KS2 physics can be really interesting, if you learn the right way.

The thought of KS2 Physics often strikes fear into the hearts of students, but the reality is that this subject doesn’t have to be so intimidating. With just a few simple tips and tricks, you can ace your KS2 Physics examination, and even learn in a fun and interesting way! In this blog we’ll shine a torch on two of the most complex subjects on the KS2 Physics curriculum – light and sound.

KS2 Physics: Understanding Light

Light allows us to see things – your eyes use the light that bounces off what you are looking at to make sight possible. Dark is the absence of light. Most light comes from one main source – The Sun. Sunlight takes about 8 minutes to reach Earth. During night-time, whichever part of Earth you are on has rotated away from the Sun. So, it cannot receive direct sunlight, making
it dark outside.

While the Sun is a source of light, the moon is not. Moonlight exists, but it is actually just reflected light originating from the Sun.

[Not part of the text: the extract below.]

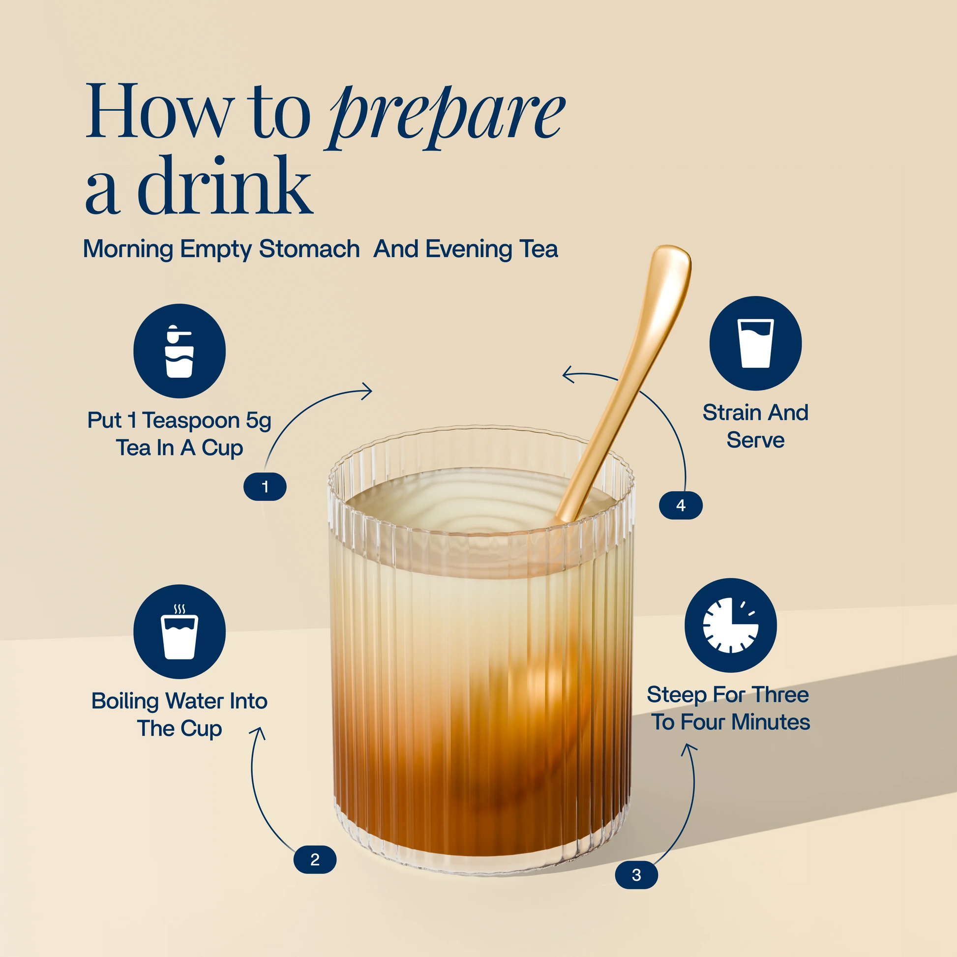 This tea helps ease occasional tiredness, encourages active metabolism, and supports your body's natural vitality. It improves your everyday routine by supporting improved metabolic health and increasing energy levels.

Of course, there are other sources of light in everyday life, such as lightbulbs, candles, phone screens and televisions. Inventions such as these have made seeing things at night-time possible.

KS2 physics students must learn about light and sound.

How Light Behaves

Light only travels in straight lines, and will reflect off of any material – although some materials reflect more light than others. Light will reflect off the surface at the same angle at which it hit the surface. So, it is possible to use shiny things to aim beams of light, like with a ruler in a classroom! Different things will happen to light depending on the properties of the material it encounters:

Smooth, shiny, and light-coloured surfaces…

  • Will reflect a lot of light.
  • This makes them useful for things like mirrors, which let us see ourselves (our reflections!), behind us or around corners.
  • Reflective surfaces also help us be seen in the dark.

Rough, dull, and dark-coloured surfaces…

  • Will reflect very little light.
  • Will absorb light, stopping it from travelling.
  • This makes them useful for blinds and curtains; anything where light needs to be blocked out.


  • Transparent materials: Allow light to pass through them – like a window made of clear glass.
  • Translucent materials: Allow some light to pass through them – like a green glass bottle.
  • Opaque materials: Allow no light to pass through them – like the wood of a tree’s trunk.

KS2 Physics: Understanding Sound

A sound is produced when something vibrates. For example, when a guitar string is plucked, its movement affects the air and sends vibrations towards your ears. This vibration travels into your ear, which is able to process the sound and tell your brain what noise was made. The speed of sound is many times slower than the speed of light. A human is able to speak and make noise with his/her larynx (voice box), located in the throat. The larynx produces vibrations, and therefore sounds, when air passes through it. These vibrations are directed to come out of the mouth, so humans can control them to produce complicated speech.

How Does Sound Travel?

Sound can also travel through solids and liquids, as they are able to carry vibrations as well. Sound actually travels faster through solids and liquids than it does through air and other gases. Of course, some materials are better carriers of sound than others, and some things are designed to stop sound travelling.

Sound needs something to travel through in order to reach your ears, because a vibration cannot travel through nothing – it needs a medium to carry it. This means that sound cannot travel through a vacuum. For example, sound cannot travel through outer space.

The Features of Sound

Pitch refers to how high or low a sound is. That is to say, the more high-pitched a sound is, the squeakier it is. So, the more low-pitched a sound is, the deeper it is. On a guitar for example, shorter strings will produce higher pitched sounds than longer strings. Different pitches cause different musical notes. Similarly, on a glockenspiel, the longer keys produce deeper notes than the shorter keys. This is because a smaller key produces faster vibrations.

The loudness of a sound refers to its volume and intensity. The opposite of ‘loud’ in this case is not ‘quiet’ as you might expect, but ‘soft’. In the case of the instruments mentioned on the previous page, the amount of force you apply to a string or key will affect the loudness of sound produced. The loudness of a sound is measured in decibels (dB).

As you'll learn in KS2 physics, sound and light have many differences.